** Opening Data block **
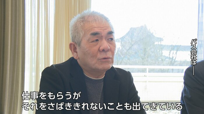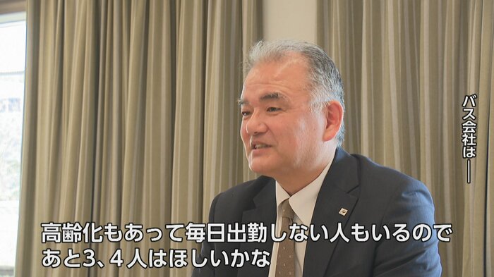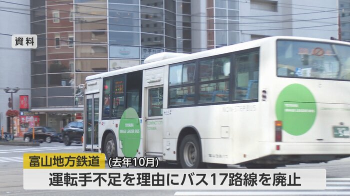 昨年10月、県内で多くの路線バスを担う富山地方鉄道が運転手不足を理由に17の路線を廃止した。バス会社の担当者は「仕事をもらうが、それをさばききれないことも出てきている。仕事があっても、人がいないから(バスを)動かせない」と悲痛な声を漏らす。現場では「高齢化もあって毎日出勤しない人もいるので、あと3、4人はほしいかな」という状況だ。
** Closing Data block **
** Opening Data block **
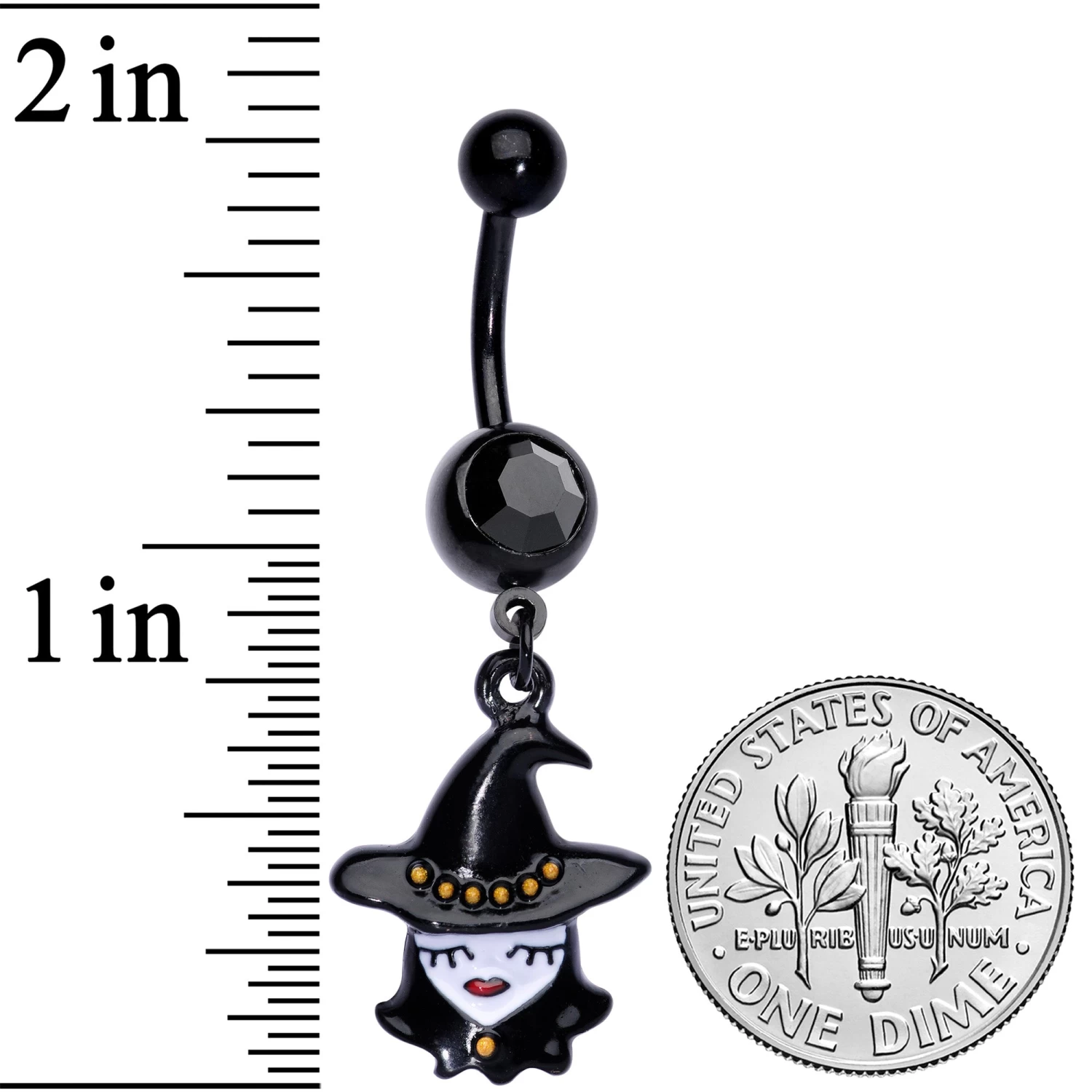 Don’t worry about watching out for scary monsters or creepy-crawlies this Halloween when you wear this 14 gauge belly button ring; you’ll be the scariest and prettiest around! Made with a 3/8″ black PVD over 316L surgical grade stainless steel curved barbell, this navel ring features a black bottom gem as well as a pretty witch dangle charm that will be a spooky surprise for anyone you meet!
** Closing Data block **
** Opening Data block **
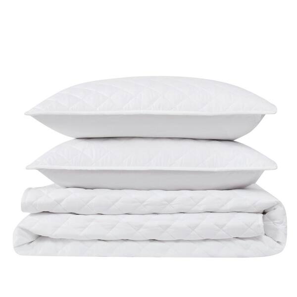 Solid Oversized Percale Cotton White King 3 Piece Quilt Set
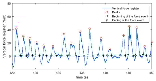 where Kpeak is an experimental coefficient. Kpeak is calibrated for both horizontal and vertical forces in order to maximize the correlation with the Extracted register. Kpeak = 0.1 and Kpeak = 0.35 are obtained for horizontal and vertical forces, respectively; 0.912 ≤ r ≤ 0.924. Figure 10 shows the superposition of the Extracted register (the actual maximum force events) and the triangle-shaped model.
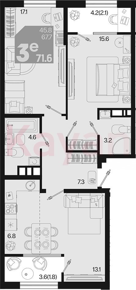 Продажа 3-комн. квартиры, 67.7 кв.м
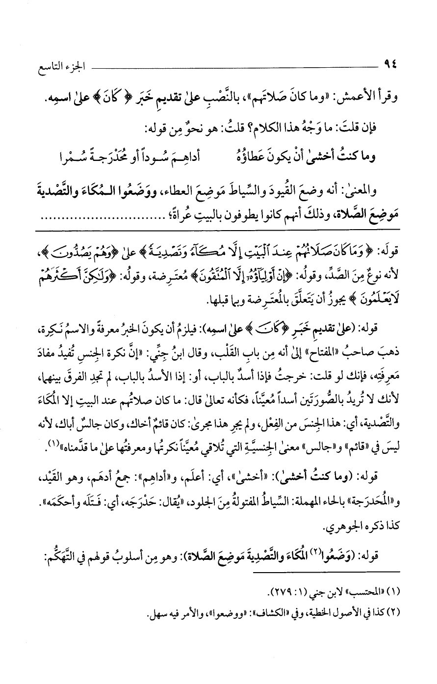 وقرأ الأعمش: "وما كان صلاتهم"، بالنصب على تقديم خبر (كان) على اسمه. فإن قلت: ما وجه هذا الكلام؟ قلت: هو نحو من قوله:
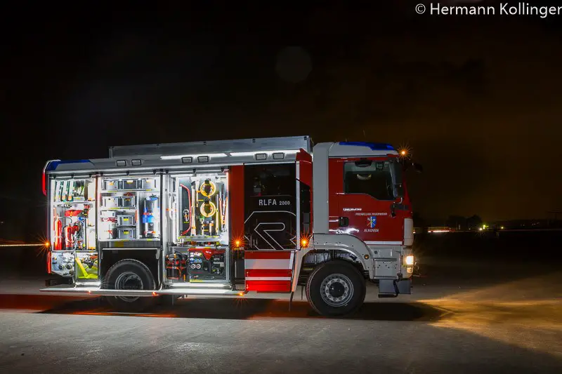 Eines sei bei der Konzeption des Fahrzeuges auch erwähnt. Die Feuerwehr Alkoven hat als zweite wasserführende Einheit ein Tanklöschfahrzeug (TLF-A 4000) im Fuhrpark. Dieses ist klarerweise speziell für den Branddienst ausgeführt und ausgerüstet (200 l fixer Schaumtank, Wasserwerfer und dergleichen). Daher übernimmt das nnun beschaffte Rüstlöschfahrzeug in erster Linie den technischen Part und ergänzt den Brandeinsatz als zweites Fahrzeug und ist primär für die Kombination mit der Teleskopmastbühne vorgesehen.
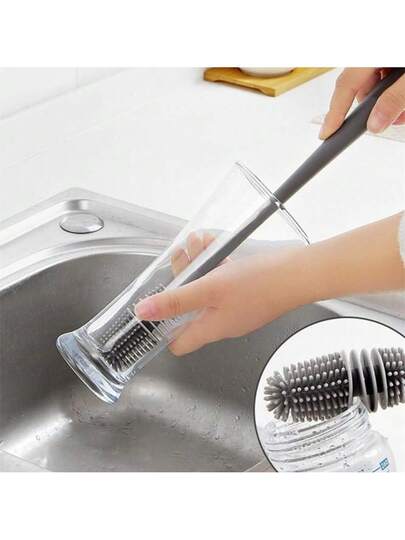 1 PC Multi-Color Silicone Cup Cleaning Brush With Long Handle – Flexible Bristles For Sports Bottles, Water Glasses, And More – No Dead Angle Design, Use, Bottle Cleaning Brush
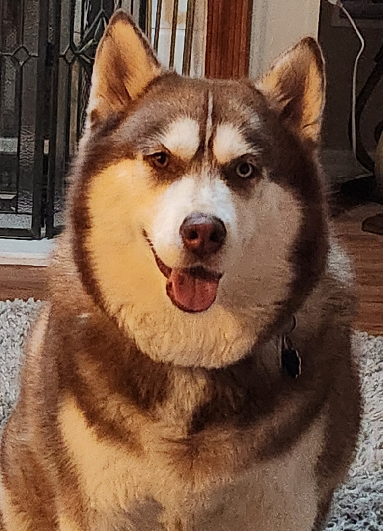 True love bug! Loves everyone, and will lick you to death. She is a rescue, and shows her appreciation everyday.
** Closing Data block **
For this exercise, return exactly the lines above from the line with "Продажа 3-комн. квартиры, 67.7 кв.м" through the line with "بالنصب على تقديم", both included. Do not copy the pictures.

| Exercise response |
 Продажа 3-комн. квартиры, 67.7 кв.м
 وقرأ الأعمش: "وما كان صلاتهم"، بالنصب على تقديم خبر (كان) على اسمه. فإن قلت: ما وجه هذا الكلام؟ قلت: هو نحو من قوله:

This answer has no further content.